→ **WHAT THE EXERCISE ASKS**
Leave out the images and repeat the listing below without a single change.

→ **EXERCISE DATA**
§ §

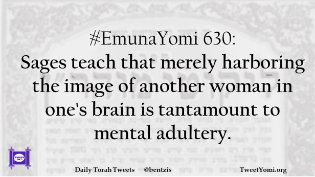 #EmunaYomi 630: Sages teach that merely harboring the image of another woman in one’s brain is tantamount to mental adultery.
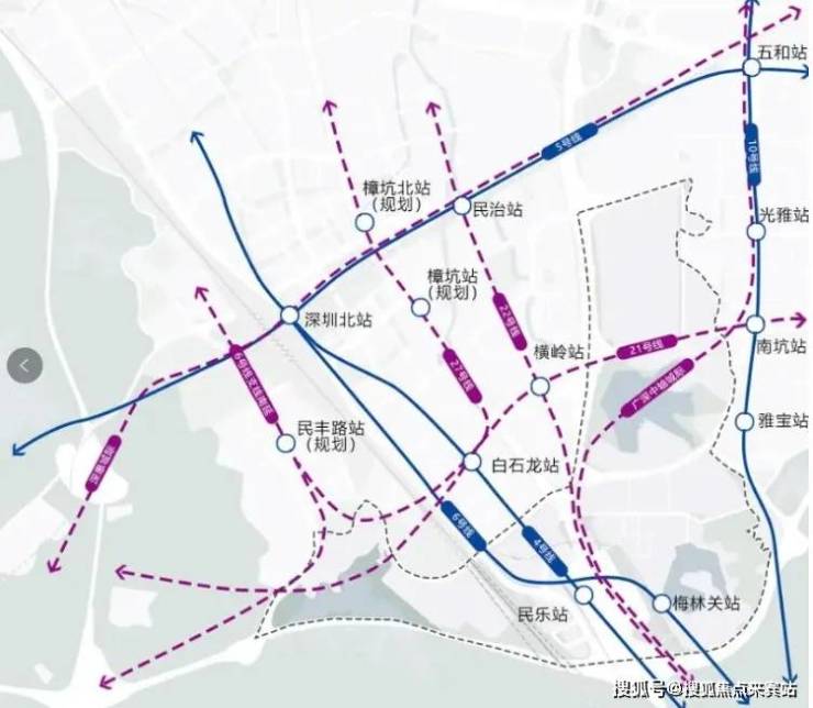 交通配套:规划共有4条地铁、1条城际,其中地铁4号线、6号线已建成,规划建设21号线、22号线(在建),以及规划广深中轴城际可使片区30分钟内快速连接前海、河套、留仙洞、光明等重点区域。
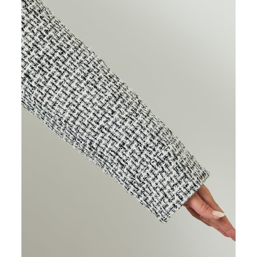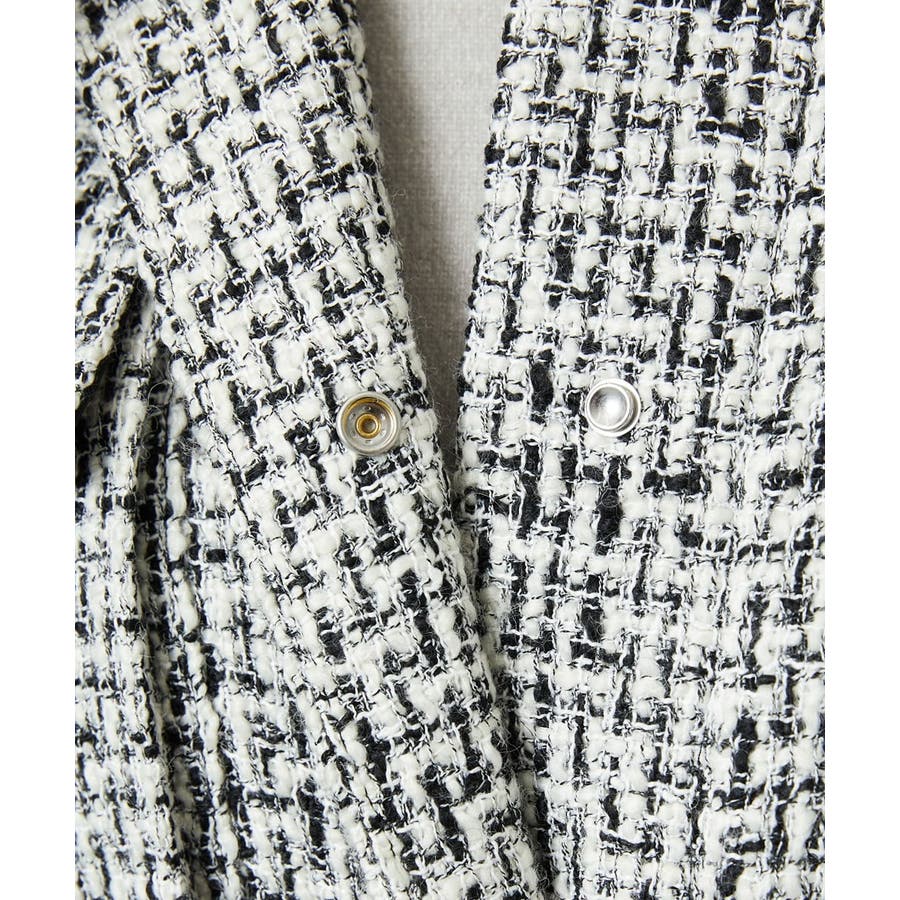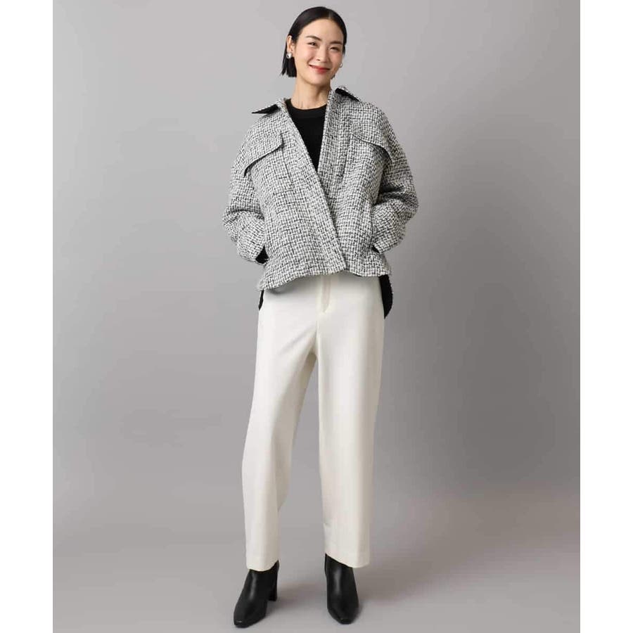 複数の異なる糸を組み合わせて織り上げたファンシーツイード素材を使用。中綿入りながらも膨らみを抑え、すっきりとしたシルエットに仕上げました。

§ §

→ **WRITTEN ANSWER**
 #EmunaYomi 630: Sages teach that merely harboring the image of another woman in one’s brain is tantamount to mental adultery.
 交通配套:规划共有4条地铁、1条城际,其中地铁4号线、6号线已建成,规划建设21号线、22号线(在建),以及规划广深中轴城际可使片区30分钟内快速连接前海、河套、留仙洞、光明等重点区域。
 複数の異なる糸を組み合わせて織り上げたファンシーツイード素材を使用。中綿入りながらも膨らみを抑え、すっきりとしたシルエットに仕上げました。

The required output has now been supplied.